Azithromycin, a second-generation macrolide, is less widely used in pregnancy, although it has a longer duration of action and half-life, greater tissue penetration, reduced adverse effects, and a wider microbial coverage. Azithromycin is effective against many organisms of significance in pregnancy such as Staphylococci , Streptococci , Chlamydia , Haemophilus , Legionella , Listeria , Nisseriae , Toxoplasma , Mycoplasma , and Plasmodium spp. Because of its preferential accumulation in tissues, it has improved efficacy against intracellular pathogens such as Mycoplasma and Ureaplasma spp.

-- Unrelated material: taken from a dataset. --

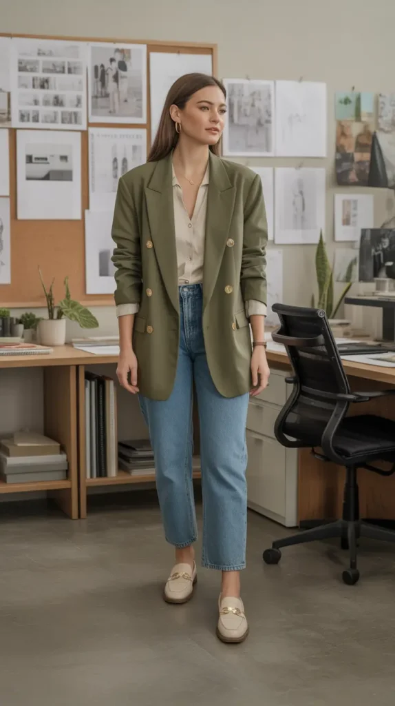 Denim and blazers are always a good idea. Pair an olive green blazer with straight-leg jeans, a tucked blouse, and loafers, and you’ve nailed the casual outfits for work vibe. It’s structured enough for a creative office but relaxed enough for off-duty. Honestly, olive and denim are such a power couple in fashion. Isn’t it funny how jeans + blazer combos always manage to save the day?
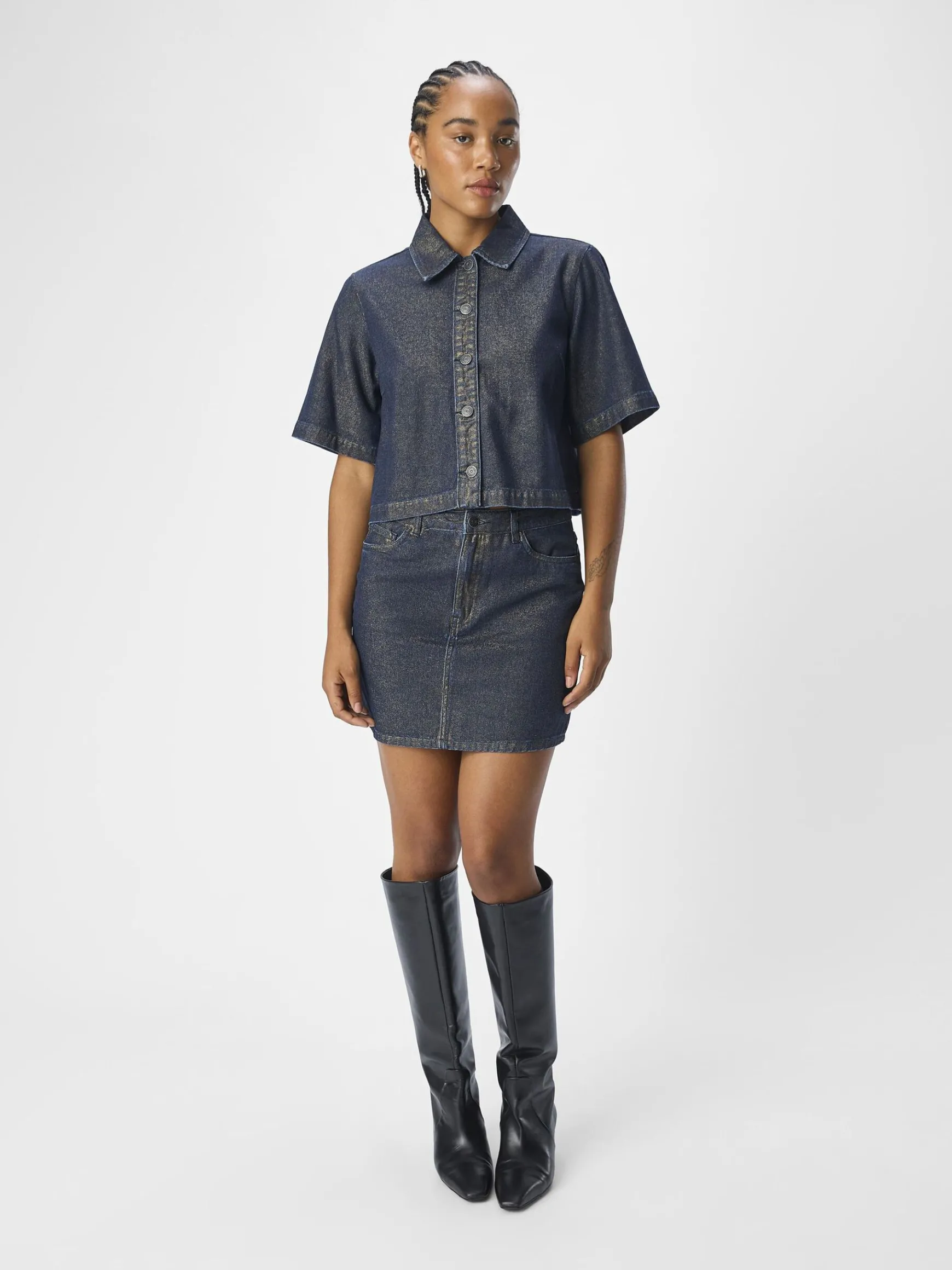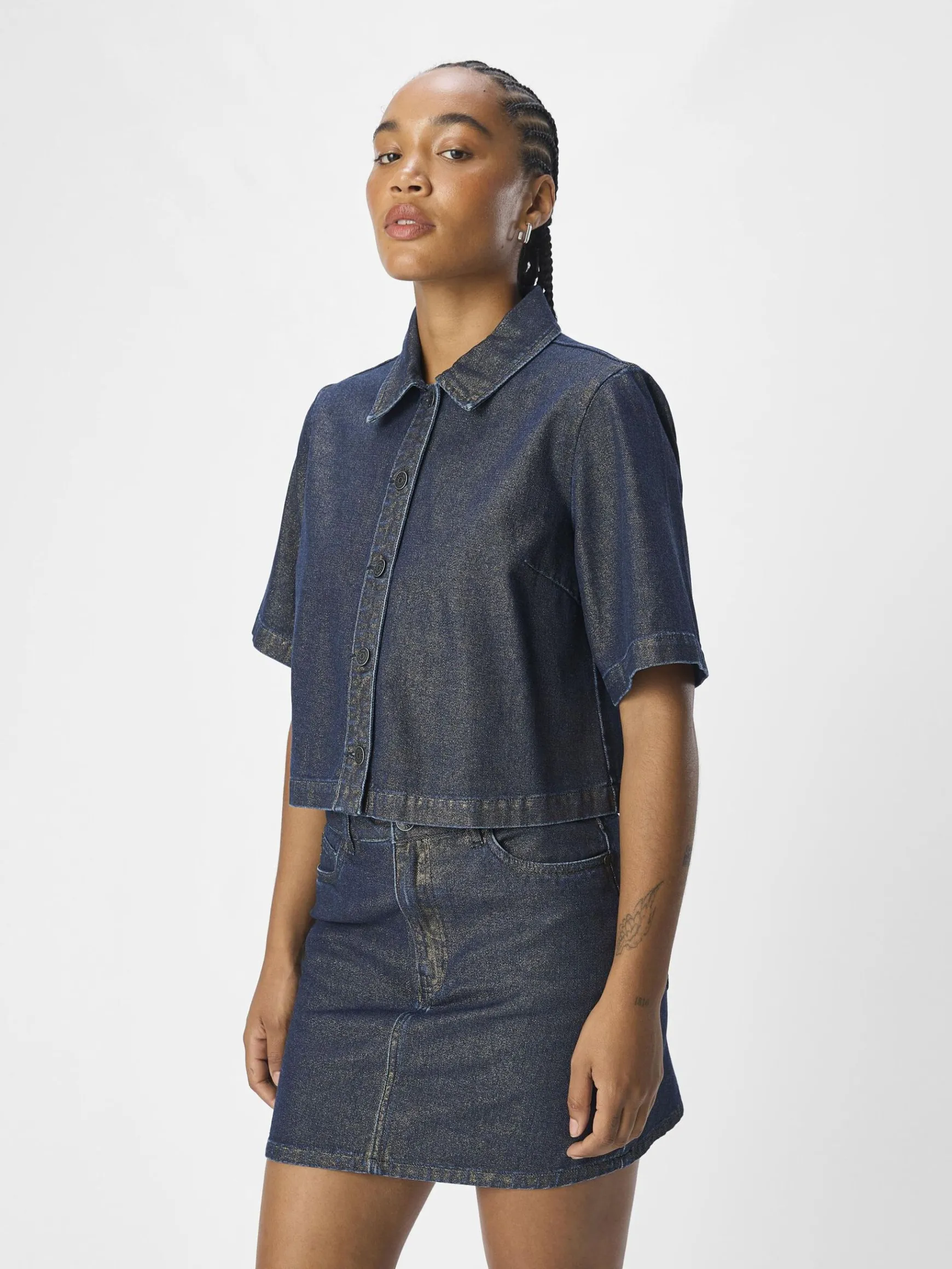 – Skinnende coatet denimskjorte- Almindelig krave- Korte ærmer- Knapper foran- Cropped firkantet pasformINDEHOLDER GENA…

In light of the widely accepted role of intrauterine infection and inflammation in the aetiology of preterm labor and PPROM, antimicrobial therapy in pregnancy has been evaluated with the goal of reducing rates of preterm birth and neonatal morbidity and mortality. A recent metaanalysis of maternal macrolide administration following PPROM found statistically significant reductions in chorioamnionitis, preterm birth, and neonatal morbidity. However, antibiotic treatment has been shown to have, at best, only modest benefits on preterm delivery rates and neonatal outcomes when administered to women at risk of preterm birth or women presenting with preterm birth.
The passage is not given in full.